WT (n = 29) and Smad3 KO (n = 27) mice underwent RAS surgery; no gender-related differences in response to RAS were observed in WT or Smad3 KO mice. Representative histological sections of the right (cuffed) and left (contralateral) renal arteries of a Smad3 KO mouse 6 wk after placement of the cuff are shown in Fig. 2. To confirm that placement of a cuff on the right renal artery reduced renal blood flow to a similar extent in the Smad3 KO and WT mice, serial ultrasound measurements of renal blood flow were obtained in Smad3 KO and WT mice (n = 5/group) before surgery, and 3 days, 2 wk, and 4 wk after surgery. Before placement of the cuff, there was no difference in blood flow through the right renal artery between WT (1.70 cm3/min) and Smad3 KO (1.96 cm3/min) mice [P = not significant (NS), ANOVA; Fig. 3]. Blood flow through the right renal artery of Smad3 KO mice was reduced by 69.2% at 3 days, 83.2% at 2 wk, and 67.2% at 4 wk following placement of the cuff (P < 0.001 for all vs. time 0; ANOVA).
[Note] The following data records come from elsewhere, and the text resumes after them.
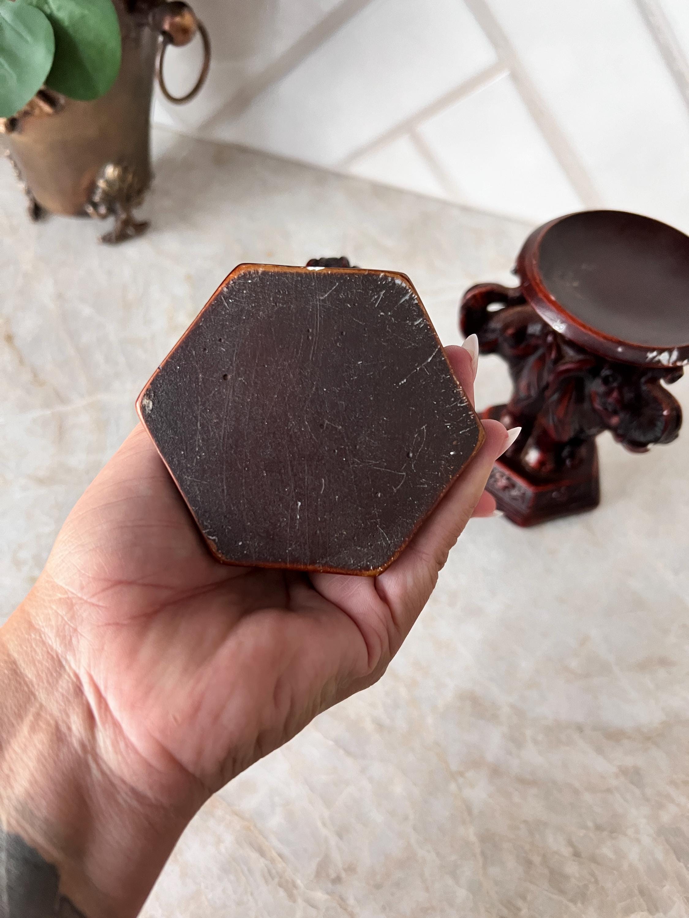 Due to their age and material, these pieces do show some minor chips and wear (see photos), which only add to their vintage charm. Their solid weight gives them a high-quality feel—perfect for a mantel, shelf, or statement table centerpiece.
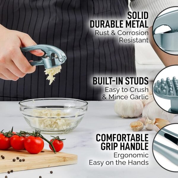 Premium Garlic Press Set – Rust Proof & Dishwasher Safe Professional Garlic Mincer Tool – Easy-Squeeze, Easy-Clean with Soft, Ergonomic Handle – Silicone Garlic Peeler & Brush (Silver)
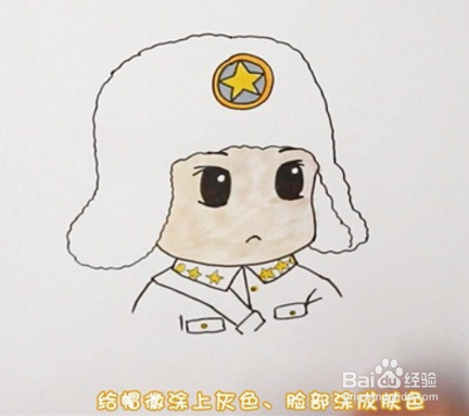 接下来我们给帽徽涂上黄色和灰色,用黑色仔细涂出眼睛的颜色,然后用肤色涂雷锋的脸部皮肤

In WT mice, renal blood flow was reduced by 61.8% at 3 days, 68.6% at 2 wk, and 50.6% at 4 wk following cuff placement (P < 0.001 for all vs. time 0; ANOVA). The reduction in renal arterial blood flow was similar in Smad3 KO and WT mice at all time points (P = NS.; ANOVA). Systolic blood pressure became elevated in both WT and Smad3 KO RAS mice, increasing from a baseline of 95 ± 1 mmHg for both to 140 ± 3 in the WT mice and 116 ± 3 mmHg in the Smad3 KO mice by 2 wk after surgery (P < 0.0001 for both, Fig. 4). The extent of blood pressure elevation in WT mice following RAS was significantly greater than in Smad3 KO mice (P < 0.0001 for all time points) and was sustained throughout the 6-wk study. In Smad3 KO RAS mice, however, blood pressure levels returned almost to baseline levels by the end of the study (Fig. 4).

Fig. 2.

Fig. 2.

Surgical cuff placement on right renal artery produces RAS. Representative histological sections (hematoxylin and eosin stain) of cuffed and contralateral renal arteries obtained from a Smad3 KO mouse 6 wk after placement of polytetrafluoroethylene cuff (indicated by arrow). Suture (*) is surrounded by a localized foreign body reaction.

Fig. 3.

Fig. 3.

Blood flow through the cuffed renal artery is reduced to the same extent in both WT and Smad3 KO mice. Repeated measurements of renal arterial blood flow were obtained by pulse-wave Doppler ultrasonography preoperatively and 3 days, 2 wk, and 4 wk following 2 kidney, 1 clip (2K1C) surgery. Values are means ± SE of ≥5 mice/group. *P < 0.05 vs. WT time 0. †P < 0.05 vs. KO time 0.

Fig. 4.

Fig. 4.

Systolic blood pressure (BP) in both WT and Smad3 KO mice becomes elevated following RAS. Measurements were taken in conscious mice before surgery and 2, 4, and 6 wk after surgery by the tail-cuff method (CODA System). Values are mean ± SE of ≥10 mice/group. *P < 0.05 vs. WT sham (Sh). †P < 0.05 vs. KO Sh.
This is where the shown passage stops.